Erkläre ihnen das Geheimnis der sieben Sterne, die du gesehen hast in Meiner rechten Hand und die sieben goldenen Leuchter, was es eigentlich mit Meiner Zeugenschaft und Kirche auf Erden auf sich habe: dass sie eine himmlische Welt ist, die Ich trage, Licht für die ganze irdische Menschheit. Das ganze Christentum ist also auch zu bezeichnen: Geheimnis von der Kirche und ihrem Regiment. Die sieben Sterne sind Engel oder göttliche Boten der sieben Gemeinden und die sieben Leuchter, die du gesehen hast, sind sieben Gemeinden, d. h. die Kirche auf Erden. Der HErr ist also wahrhastig in Seiner Kirche, Er der Allerhöchste und Ewige, was kann ihr also mangeln oder schaden, wenn sie nur an Ihm bleibt? Er hält auch das Predigtamt, durch welches Er sich, weil's Sein Wort hoch öffentlich führt, besonders kund tut, in Seiner eigenen Rechten hoch empor, so soll ein Apostel oder Prediger sich nicht als zu Grunde gehend ansehen, wenn er mal mit Johannes von der Welt abgesetzt und verbannt sein muss: wenn er nur in der Hand des HErrn bleibt, indem er nur Christum im lauteren Evangelio bekennt.
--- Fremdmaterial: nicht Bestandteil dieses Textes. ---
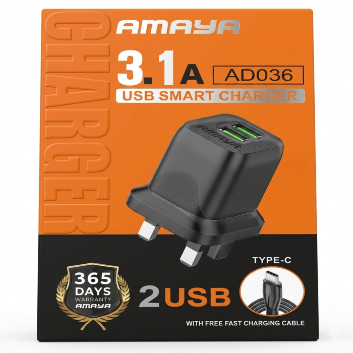 Amaya AD036 3.1A Dual USB Smart Charger with Type-C Cable

Dies ist also der HErr und Seine wahre Kirche; so ist's bei Gott, so ist die Wahrheit, die ewige Idee; es fragt sich jetzt allein noch, wie wir in der Zeit an unserem Orte der Idee entsprechen, ob wir glauben, und also im Glauben am lauteren Worte Christi bleiben und daraus leben; gegeben hat Er's uns so, dass wir in Ihm lauter Licht, Leben, Friede und Freude sein müssten: in Ihm haben wir Alles, und was noch gegen uns streitet in dieser niederen Welt, muss uns noch sicher zum Zeichen unsers Triumphes in Jesu Christo dienen.
Gebet. Jesu, gib uns zu sehen, was wahrhaft ist, dass wir ledig werden von aller Furcht vor bloßem Scheinen: gib uns Dich zu sehen als Den, der Du bist, so ist uns in Allem geholfen, so wir Deine Erscheinung im Herzen behalten. Das wollest Du geben, lieber HErr! Amen.